──────── Record excerpts ────────

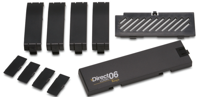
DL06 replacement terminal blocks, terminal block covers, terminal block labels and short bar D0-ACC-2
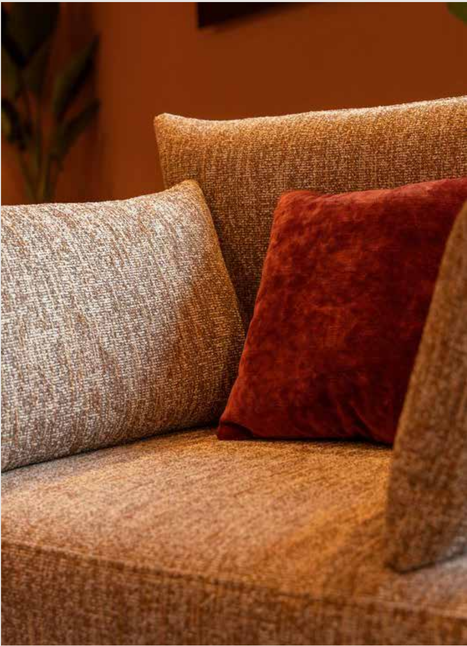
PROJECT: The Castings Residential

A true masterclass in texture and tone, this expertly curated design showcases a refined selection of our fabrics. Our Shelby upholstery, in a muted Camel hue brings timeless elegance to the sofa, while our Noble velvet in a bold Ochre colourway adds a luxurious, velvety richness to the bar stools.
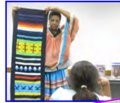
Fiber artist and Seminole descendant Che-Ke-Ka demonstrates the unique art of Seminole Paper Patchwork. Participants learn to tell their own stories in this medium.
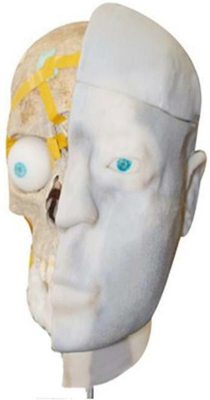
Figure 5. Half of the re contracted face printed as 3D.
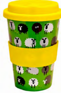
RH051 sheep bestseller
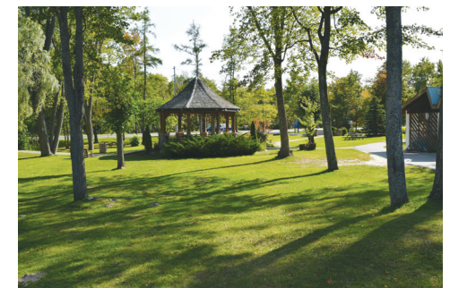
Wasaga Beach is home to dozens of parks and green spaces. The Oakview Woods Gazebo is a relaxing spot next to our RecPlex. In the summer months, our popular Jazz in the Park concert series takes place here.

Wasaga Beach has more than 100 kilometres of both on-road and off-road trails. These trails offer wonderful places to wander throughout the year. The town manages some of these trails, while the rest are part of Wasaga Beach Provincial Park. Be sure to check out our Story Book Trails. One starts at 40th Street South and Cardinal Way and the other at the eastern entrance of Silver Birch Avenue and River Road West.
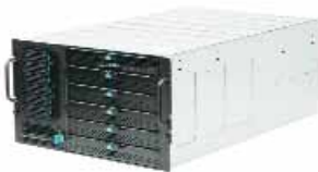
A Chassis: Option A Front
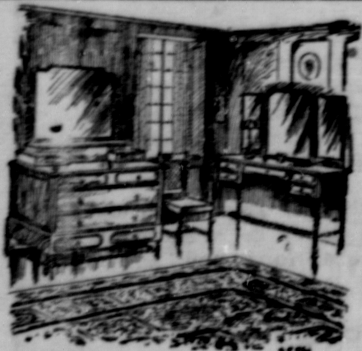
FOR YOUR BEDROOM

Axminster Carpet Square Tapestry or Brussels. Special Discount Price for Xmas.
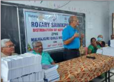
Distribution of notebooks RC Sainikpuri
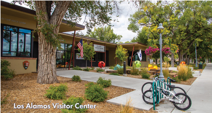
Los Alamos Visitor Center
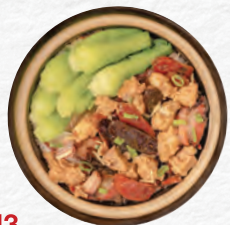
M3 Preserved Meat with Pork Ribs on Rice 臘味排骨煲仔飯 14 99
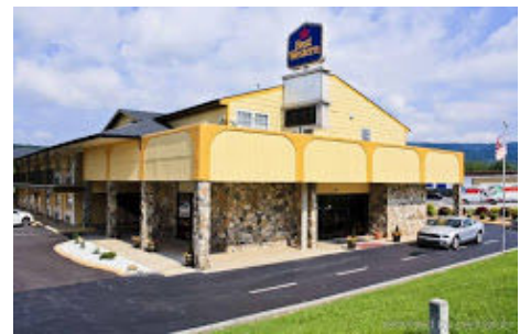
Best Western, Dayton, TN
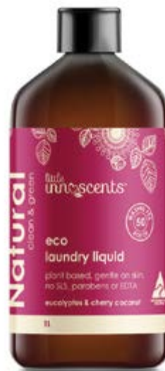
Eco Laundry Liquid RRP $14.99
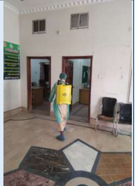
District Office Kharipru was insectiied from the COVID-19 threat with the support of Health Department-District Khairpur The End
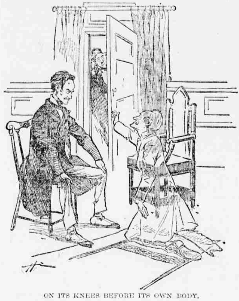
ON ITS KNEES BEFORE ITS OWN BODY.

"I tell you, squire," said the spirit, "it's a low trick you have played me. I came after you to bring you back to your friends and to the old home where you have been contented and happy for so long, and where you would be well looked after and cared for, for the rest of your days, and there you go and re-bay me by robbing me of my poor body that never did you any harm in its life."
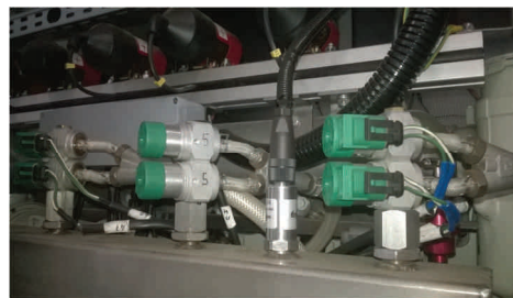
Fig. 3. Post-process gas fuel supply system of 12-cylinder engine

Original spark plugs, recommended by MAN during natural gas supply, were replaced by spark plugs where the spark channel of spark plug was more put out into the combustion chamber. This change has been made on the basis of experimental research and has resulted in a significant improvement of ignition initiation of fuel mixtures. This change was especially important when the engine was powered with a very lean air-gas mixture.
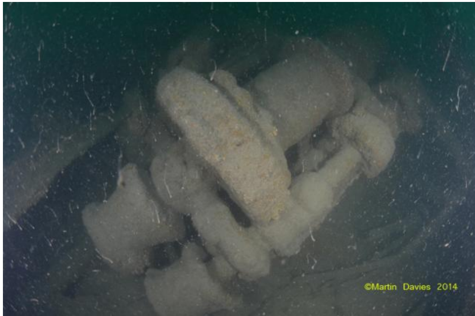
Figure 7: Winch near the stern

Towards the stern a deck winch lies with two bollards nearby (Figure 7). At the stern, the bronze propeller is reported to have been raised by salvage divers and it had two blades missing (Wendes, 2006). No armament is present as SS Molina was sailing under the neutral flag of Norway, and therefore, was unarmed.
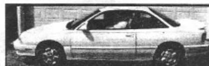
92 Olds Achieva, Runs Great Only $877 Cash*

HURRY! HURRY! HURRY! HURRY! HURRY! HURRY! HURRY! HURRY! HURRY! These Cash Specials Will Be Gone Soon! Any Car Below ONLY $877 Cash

────────
──────── Record excerpts ────────

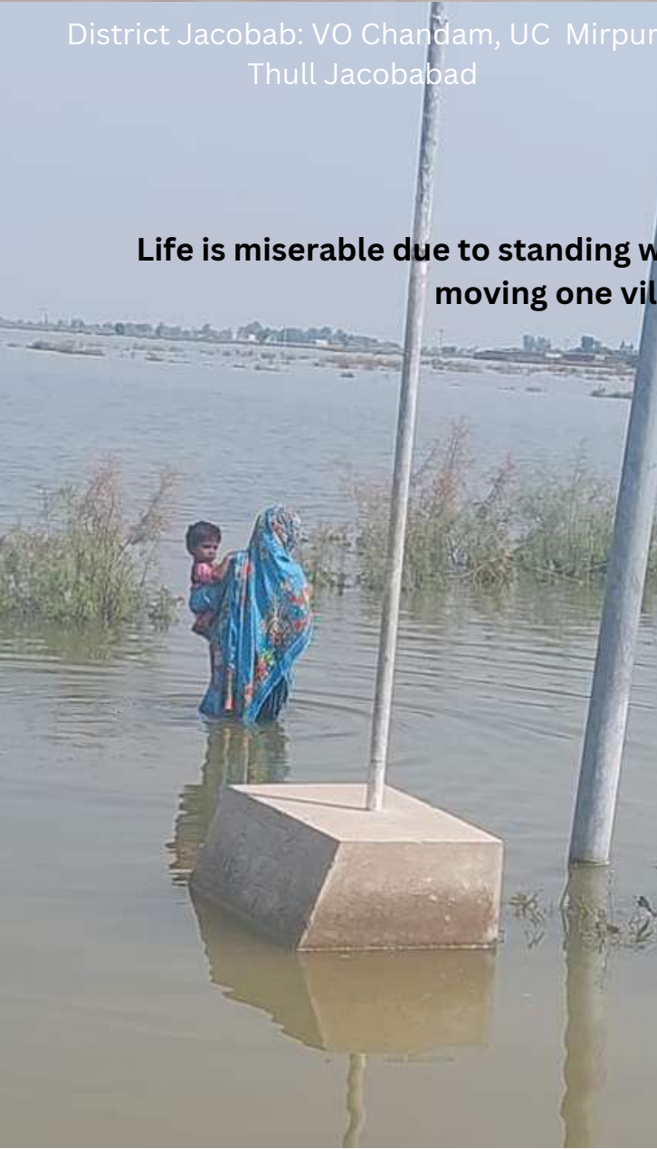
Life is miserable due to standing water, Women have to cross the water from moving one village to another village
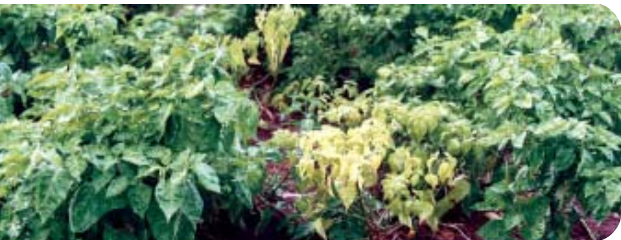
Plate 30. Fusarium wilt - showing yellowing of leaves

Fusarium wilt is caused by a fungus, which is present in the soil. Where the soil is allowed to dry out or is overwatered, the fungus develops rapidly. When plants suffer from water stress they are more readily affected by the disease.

────────
──────── Record excerpts ────────

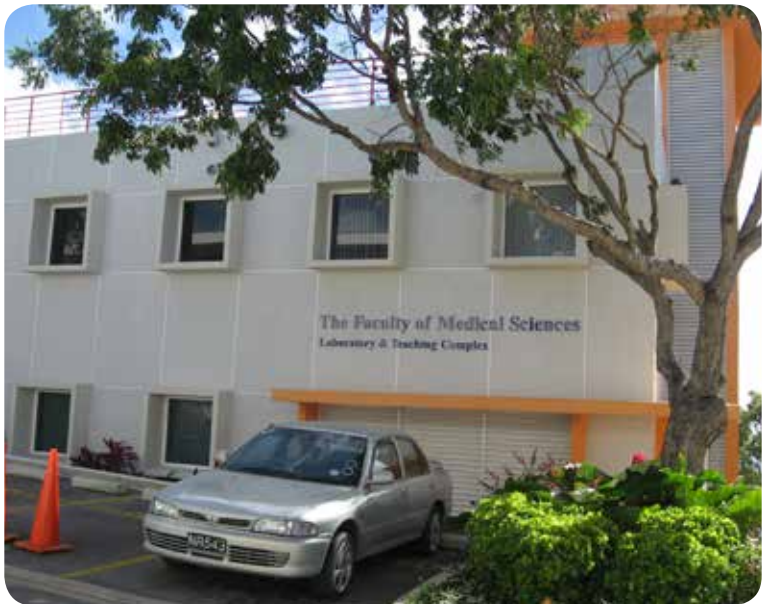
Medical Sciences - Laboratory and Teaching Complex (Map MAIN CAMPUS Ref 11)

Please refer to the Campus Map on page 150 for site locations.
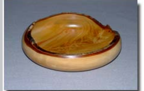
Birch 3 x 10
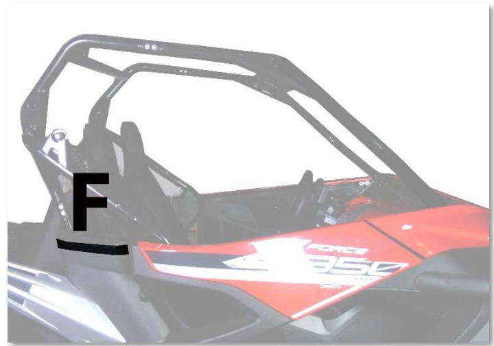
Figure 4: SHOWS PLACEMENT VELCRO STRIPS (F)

────────

| Aim of the task |
Give the lines above again exactly, from the one containing "Life is miserable" to the one containing "Fusarium wilt is", both included, but leave out the pictures.

| The completed task |
Life is miserable due to standing water, Women have to cross the water from moving one village to another village
Plate 30. Fusarium wilt - showing yellowing of leaves

Fusarium wilt is caused by a fungus, which is present in the soil. Where the soil is allowed to dry out or is overwatered, the fungus develops rapidly. When plants suffer from water stress they are more readily affected by the disease.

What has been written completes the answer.